Like Juno Roche, when the boys at her primary school called her a pansy, she just thought it was a pretty name and then adopted it for herself, without even seeing it as the insult it was originally intended as. http://www.pressreader.com/uk/diva-uk/20160401/282166470301643

You really can't behaviourally condition people out of these things, no matter what you try, and attempting to do so just causes them unnecessary pain and confusion.



That's kind of why I hate this one: https://transresearch.info/2014/08/01/gender-dysphoria-in-aspergers-syndrome-a-caution-review/

..when he was in Year 11 had worn his hair long and taken the name Marjory. He asked for hormonal transition but two psychiatrists and an endocrinologist wisely withheld hormones. He claimed that from the age of two years he had felt he was a girl. He would get emotional over trivial things – which he said was a female trait! At nine he was cross dressing, which continued into his teens.

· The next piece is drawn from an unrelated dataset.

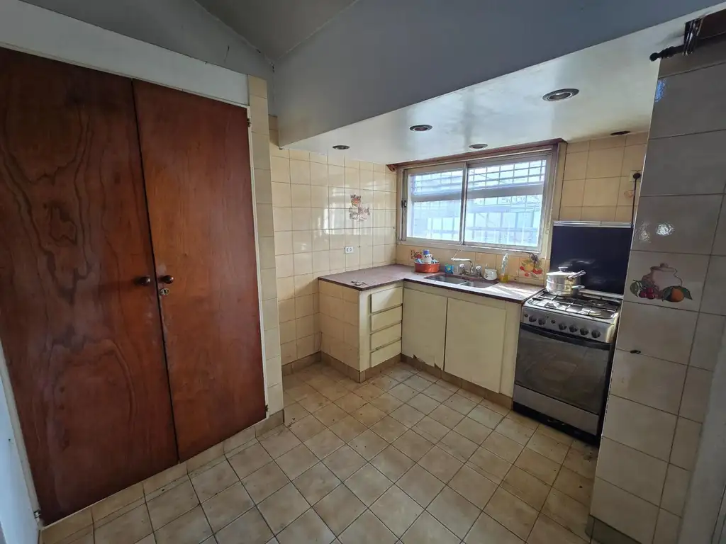 En planta baja, la propiedad ofrece un gran espacio actualmente utilizado como garage, de generosas dimensiones (3,17 x 13 m aprox.), con baño y cocina a reciclar, ideal para transformar en un local comercial, estudio profesional o incluso una segunda unidad funcional. Además, cuenta con un amplio pulmón de manzana libre al fondo, que brinda ventilación, luz natural y múltiples posibilidades de expansión.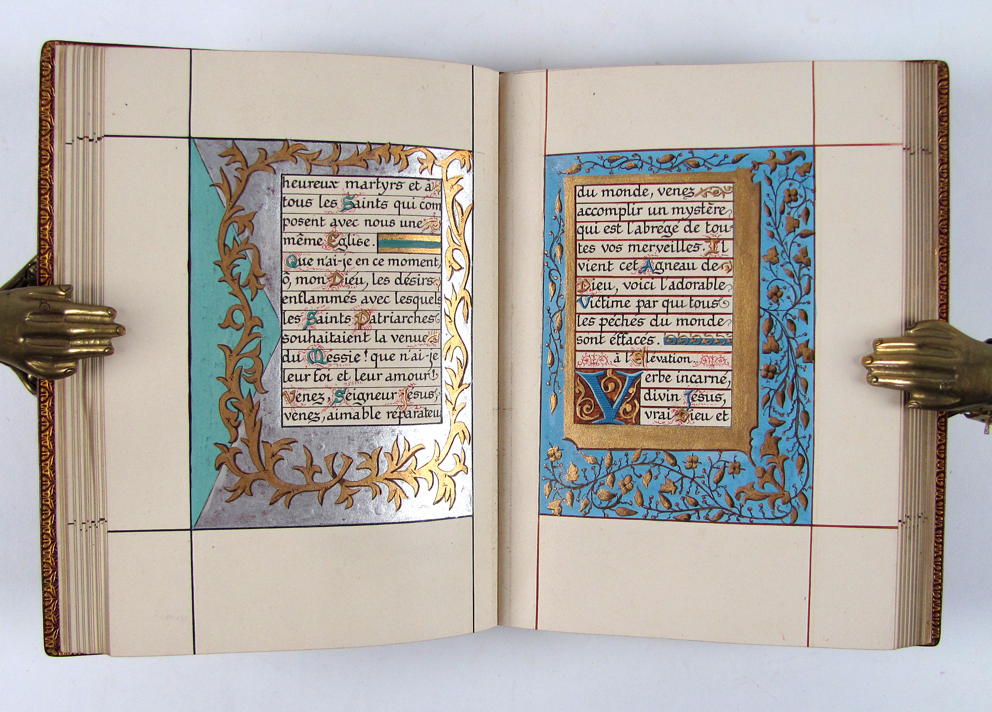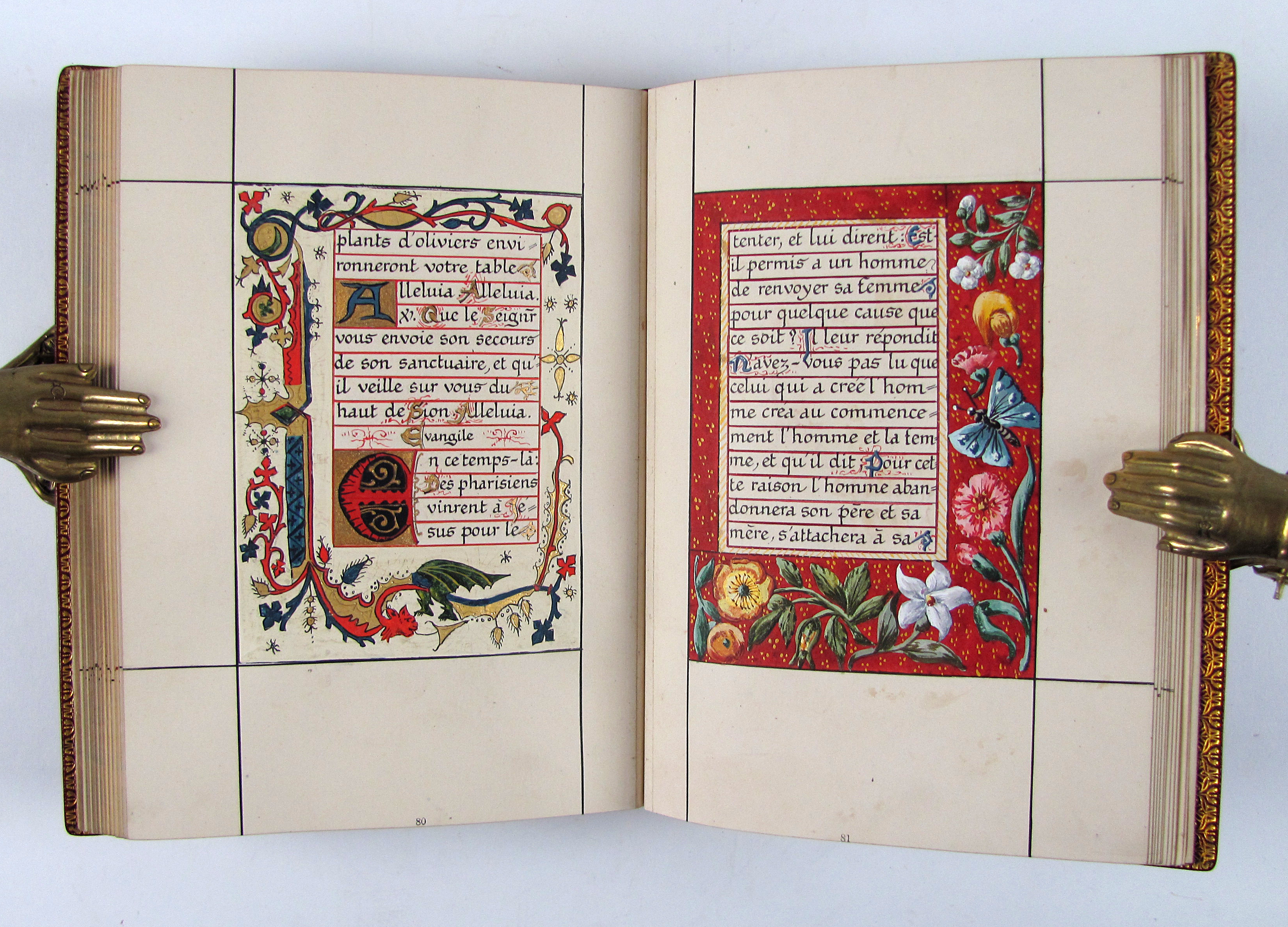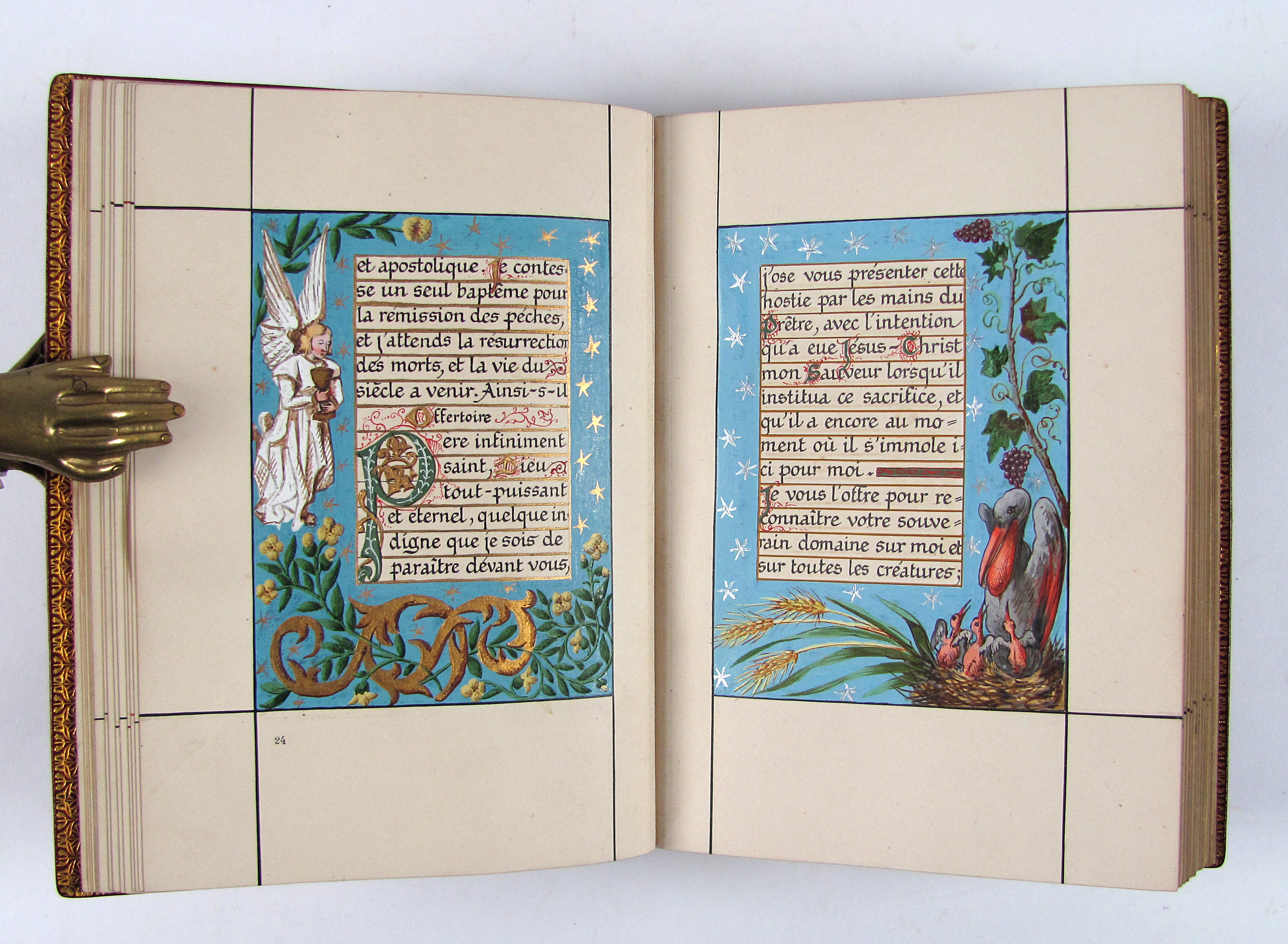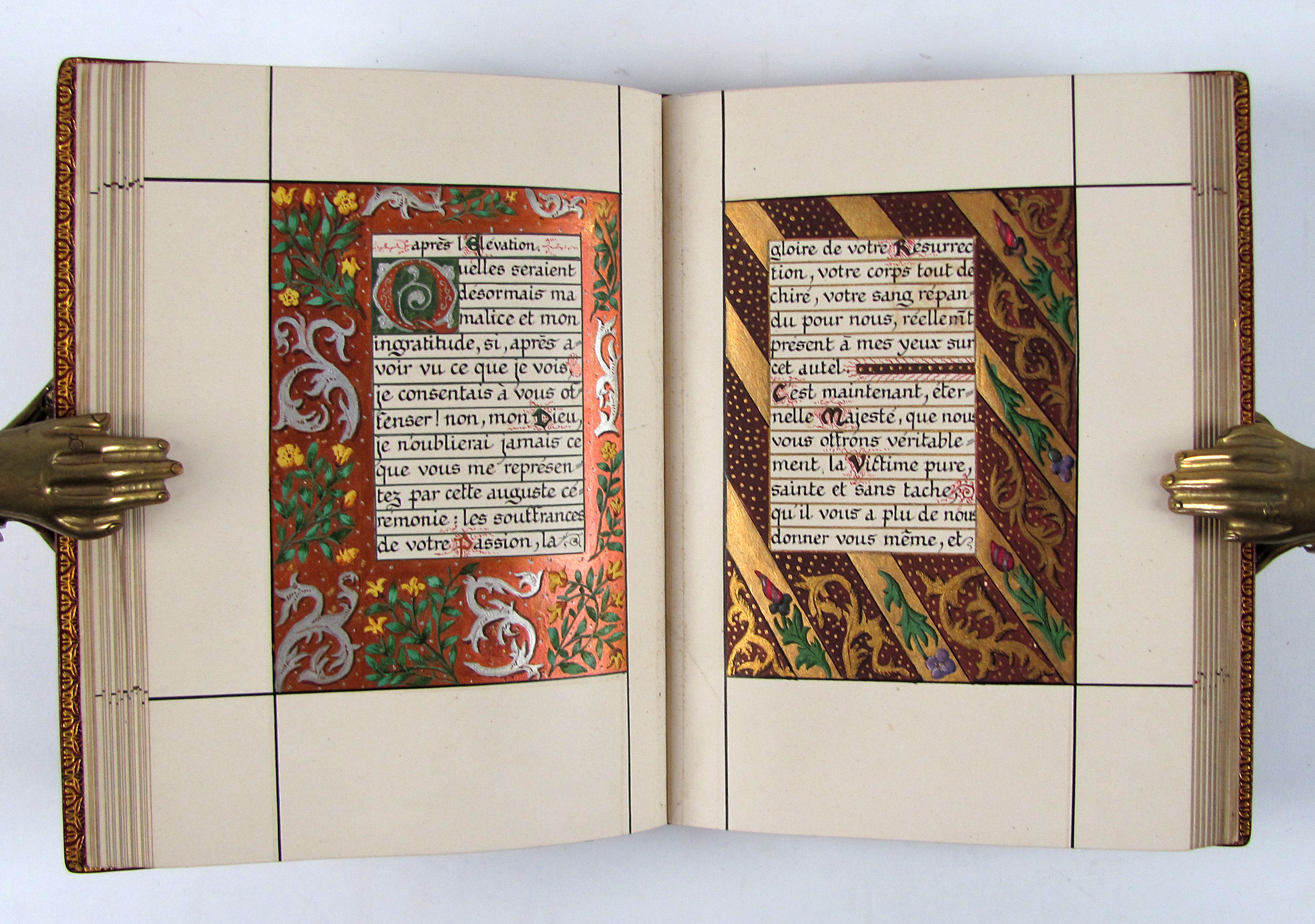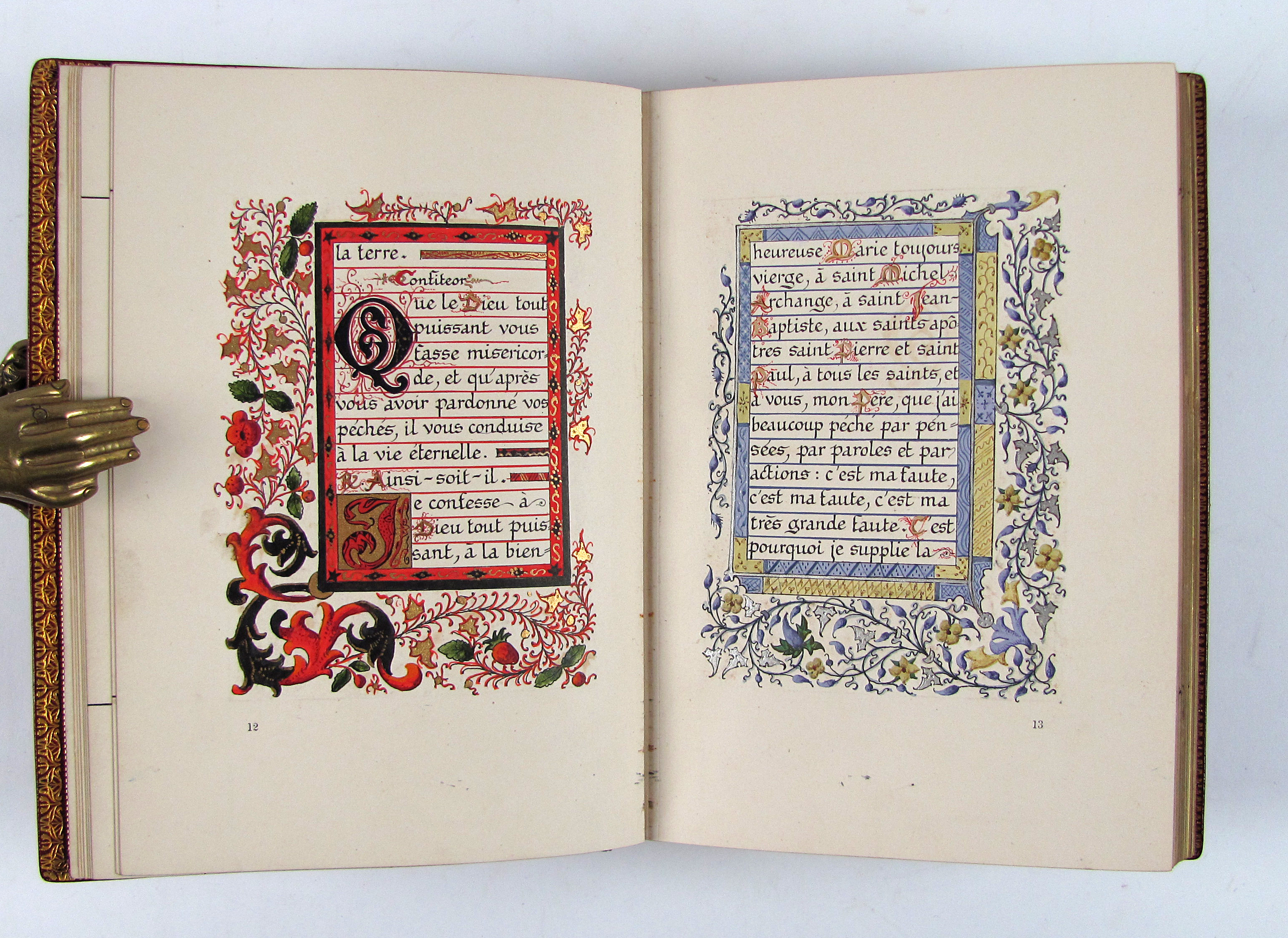 Prächtiges Stundenbuch im Stil der illuminierten Stundenbücher des 15. Jahrhunderts. Es handelt sich hier wohl um eine der frühesten Publikationen von Léon Cumer, der als Verleger mit „Paul & Virginie“ (1836) bekannt wurde und später vor allem auf dem Gebiet der Chromolithographie und Fotographie neue Druckverfahren voranbrachte (″Imitation de Jesus-Christ“, 1854, und „Évangiles des Dimanches“, 1864). Das vorliegende Stundenbuch besticht durch die sehr aufwändige, prächtige Illumination. Es wurden Exemplare auf Papier und Pergament schwarz-weiß gedruckt und sie wurden wahrscheinlich durch Künstler, die der Verlag entweder beschäftigte oder empfahl illuminiert. Dafür spricht die professionelle und ähnliche Ausführung des Kolorits, welches meist auch sehr reich mit Gold und Silber gehöht wurde. Im vorliegenden Exemplar sind die Silber- oder Goldaufträge oft zudem sehr sorgfältig punziert. Es gab aber kein festgelegtes Farbschema und die Ausführungen sind dadurch individuell. Das vorliegende Exemplar beispielsweise verfügt über eine fast durchgehende Reglierung, die bei einem Pergamentexemplar, welches ich zuletzt gehandelt habe, nicht vorhanden war. Da es sich bei dieser Art Bücher meist um Hochzeitsgeschenke handelte, hatte der Käufer die Möglichkeit, im Teil der „Céremonie de marriage“ und „Messe de marriage“ die Wappen des Brautpaars malen zu lassen, überdies sind am Ende drei Seiten für Familieneinträge vorgesehen. Von beiden Möglichkeiten haben die Vorbesitzer dieses Exemplares keinen Gebrauch gemacht, es findet sich aber eine Seite mit den kunstvoll verschlungenen Initialen „L.S. und „V.E“.– Von tadelloser Gesamterhaltung, Schuber und Chemise leicht berieben.

He had always felt ‘different’ and over many years had a preoccupation with the ‘Star Wars’ saga and making model spaceships. At the age of 19 years he consulted me because of confusion over gender and sexuality – presenting, nonetheless, as quite a well-adjusted young man. Two years later he was able to say that ‘all that transgender business’ had been a waste of time and had put him a couple of years behind his mates in sexual development. Not long ago, three years after ending treatment, he told me he was married, expecting a child.





Because chances are he's still like me, still at least secretly 'crossdreaming', and maybe got married more out of fear than out of actually having the capacity to really act like a man. But evidently this is seen as a more positive outcome, when perhaps if he had been given the hormone treatment, without the implicit expectation that he would first suddenly get all into makeup and forget all about Star Wars, it might have cleared up a lot of his Asperger's symptoms and left him feeling much better over all.

As far as the doctor is concerned he's a good example of why treatment should be withheld from those presenting with Asperger's, as far as his wife and future children are concerned, maybe not so much, and what will he be feeling like when he's 50+?



I mean, I might have said 'All that transgender business had been a waste of time' when I was 22-25 too, when I felt like I was starting to get more of a grip on life, but then it came back and hit me over the head when I was 30 anyway, by which time physically the situation was not as good as when I was 17-19.